Records contained in a dataset:

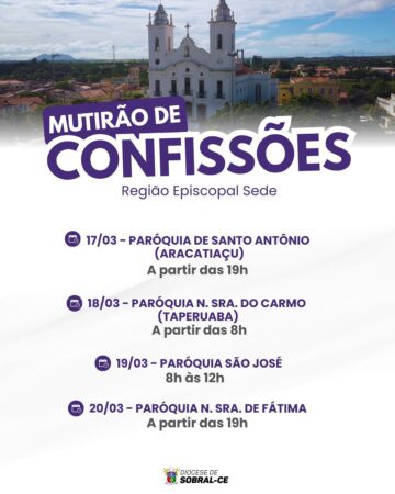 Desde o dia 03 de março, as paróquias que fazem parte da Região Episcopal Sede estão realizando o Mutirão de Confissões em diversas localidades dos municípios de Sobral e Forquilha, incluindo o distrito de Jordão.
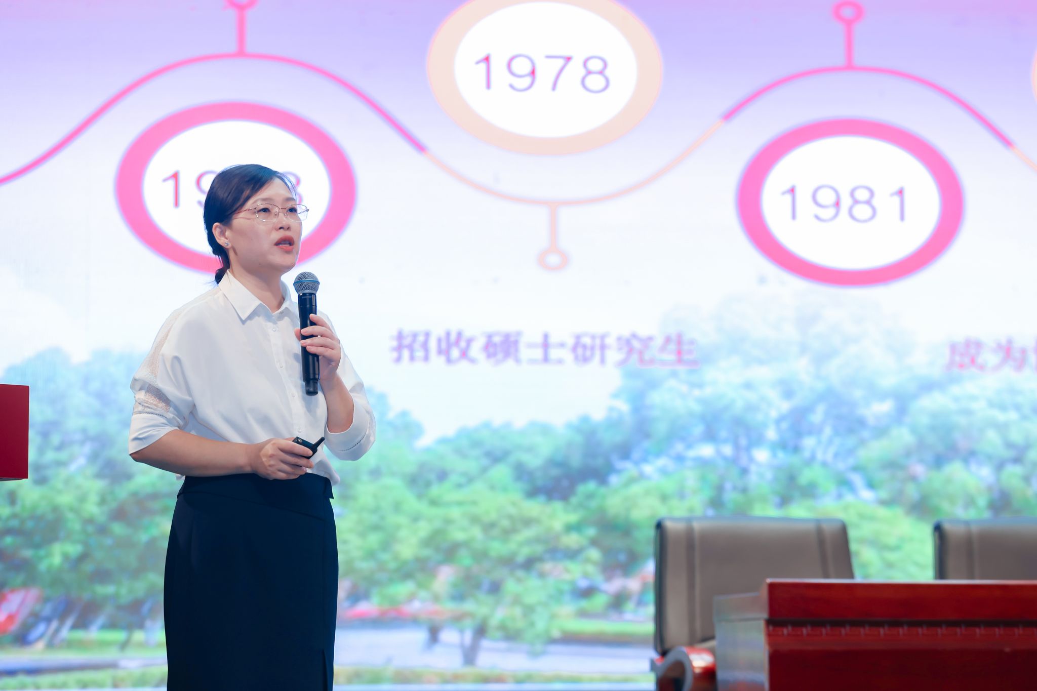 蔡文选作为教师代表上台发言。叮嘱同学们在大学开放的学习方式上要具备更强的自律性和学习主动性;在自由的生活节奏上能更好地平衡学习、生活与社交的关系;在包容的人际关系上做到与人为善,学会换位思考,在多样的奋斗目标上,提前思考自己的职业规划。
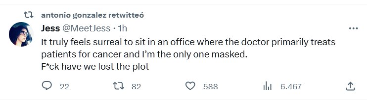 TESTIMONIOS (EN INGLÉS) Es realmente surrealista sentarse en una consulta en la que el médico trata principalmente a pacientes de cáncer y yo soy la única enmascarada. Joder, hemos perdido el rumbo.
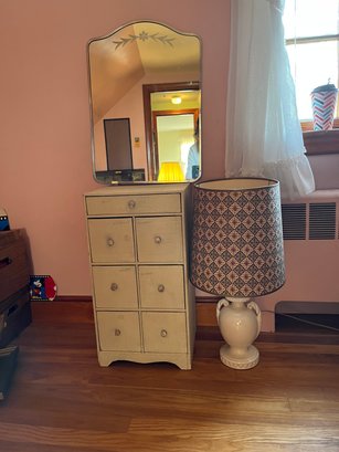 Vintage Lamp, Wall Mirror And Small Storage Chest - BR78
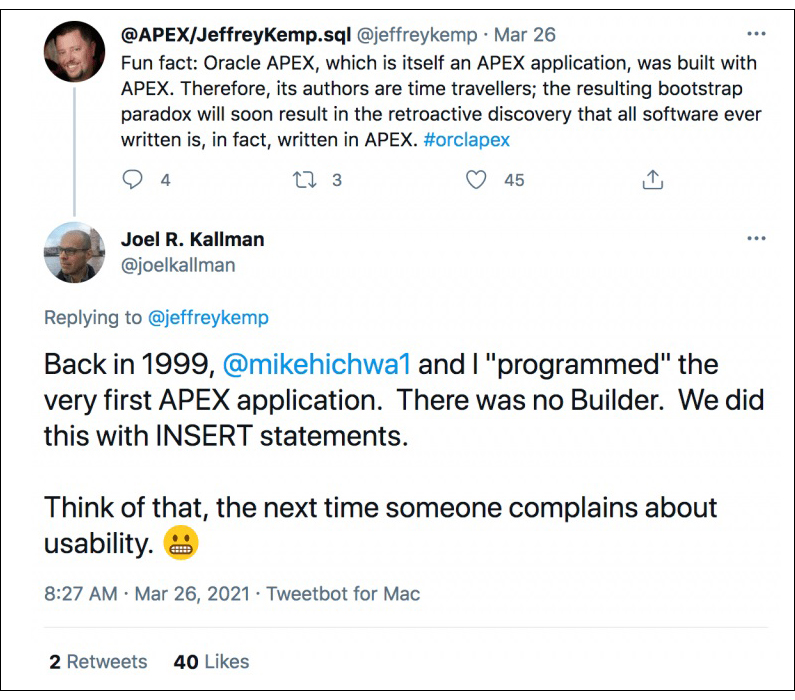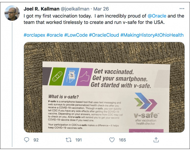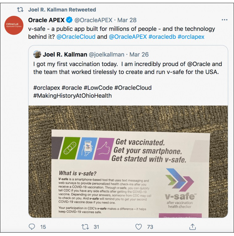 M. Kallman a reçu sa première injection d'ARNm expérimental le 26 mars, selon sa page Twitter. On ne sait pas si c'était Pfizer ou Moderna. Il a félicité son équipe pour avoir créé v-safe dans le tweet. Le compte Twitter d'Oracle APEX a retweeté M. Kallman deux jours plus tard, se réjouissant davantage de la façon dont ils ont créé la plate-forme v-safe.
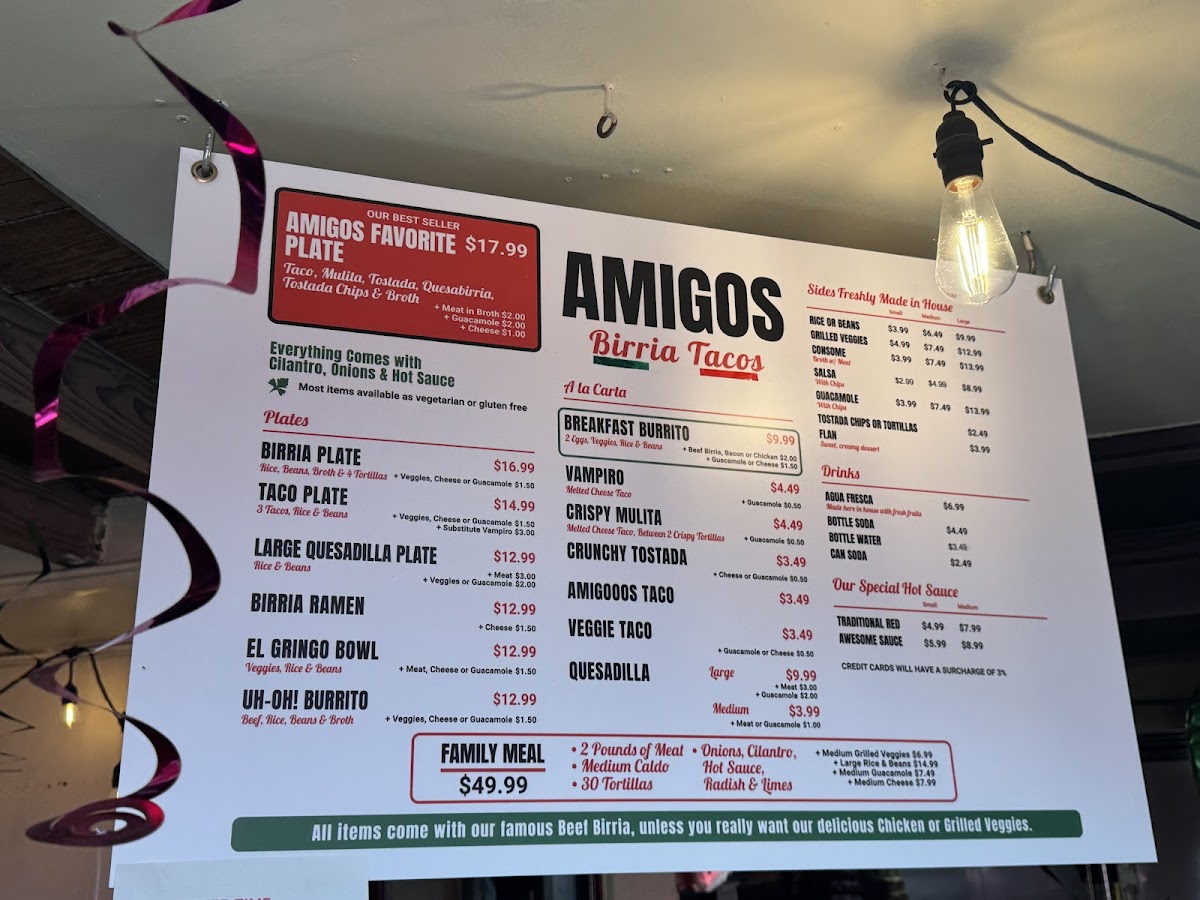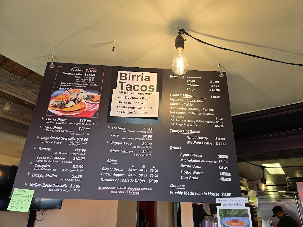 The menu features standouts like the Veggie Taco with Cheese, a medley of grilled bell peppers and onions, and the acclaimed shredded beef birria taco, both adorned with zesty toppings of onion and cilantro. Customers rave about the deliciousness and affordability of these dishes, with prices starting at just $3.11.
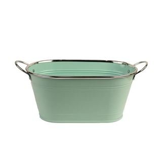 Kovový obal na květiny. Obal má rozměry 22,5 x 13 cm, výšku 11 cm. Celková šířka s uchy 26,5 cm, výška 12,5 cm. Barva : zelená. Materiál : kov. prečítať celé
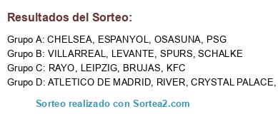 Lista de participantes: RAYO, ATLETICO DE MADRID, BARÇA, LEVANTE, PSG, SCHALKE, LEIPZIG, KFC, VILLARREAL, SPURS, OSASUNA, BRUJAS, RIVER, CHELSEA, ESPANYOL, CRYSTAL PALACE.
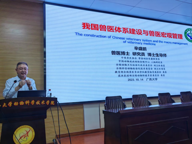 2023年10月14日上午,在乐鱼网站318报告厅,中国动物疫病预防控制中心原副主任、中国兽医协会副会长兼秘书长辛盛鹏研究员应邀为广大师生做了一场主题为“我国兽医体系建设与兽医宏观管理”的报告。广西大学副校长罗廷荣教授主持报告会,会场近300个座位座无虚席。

## [Problem to work on]
When you copy the data, keep every line exact and drop the pictures.

## [Response]
 Desde o dia 03 de março, as paróquias que fazem parte da Região Episcopal Sede estão realizando o Mutirão de Confissões em diversas localidades dos municípios de Sobral e Forquilha, incluindo o distrito de Jordão.
 蔡文选作为教师代表上台发言。叮嘱同学们在大学开放的学习方式上要具备更强的自律性和学习主动性;在自由的生活节奏上能更好地平衡学习、生活与社交的关系;在包容的人际关系上做到与人为善,学会换位思考,在多样的奋斗目标上,提前思考自己的职业规划。
 TESTIMONIOS (EN INGLÉS) Es realmente surrealista sentarse en una consulta en la que el médico trata principalmente a pacientes de cáncer y yo soy la única enmascarada. Joder, hemos perdido el rumbo.
 Vintage Lamp, Wall Mirror And Small Storage Chest - BR78
 M. Kallman a reçu sa première injection d'ARNm expérimental le 26 mars, selon sa page Twitter. On ne sait pas si c'était Pfizer ou Moderna. Il a félicité son équipe pour avoir créé v-safe dans le tweet. Le compte Twitter d'Oracle APEX a retweeté M. Kallman deux jours plus tard, se réjouissant davantage de la façon dont ils ont créé la plate-forme v-safe.
 The menu features standouts like the Veggie Taco with Cheese, a medley of grilled bell peppers and onions, and the acclaimed shredded beef birria taco, both adorned with zesty toppings of onion and cilantro. Customers rave about the deliciousness and affordability of these dishes, with prices starting at just $3.11.
 Kovový obal na květiny. Obal má rozměry 22,5 x 13 cm, výšku 11 cm. Celková šířka s uchy 26,5 cm, výška 12,5 cm. Barva : zelená. Materiál : kov. prečítať celé
 Lista de participantes: RAYO, ATLETICO DE MADRID, BARÇA, LEVANTE, PSG, SCHALKE, LEIPZIG, KFC, VILLARREAL, SPURS, OSASUNA, BRUJAS, RIVER, CHELSEA, ESPANYOL, CRYSTAL PALACE.
 2023年10月14日上午,在乐鱼网站318报告厅,中国动物疫病预防控制中心原副主任、中国兽医协会副会长兼秘书长辛盛鹏研究员应邀为广大师生做了一场主题为“我国兽医体系建设与兽医宏观管理”的报告。广西大学副校长罗廷荣教授主持报告会,会场近300个座位座无虚席。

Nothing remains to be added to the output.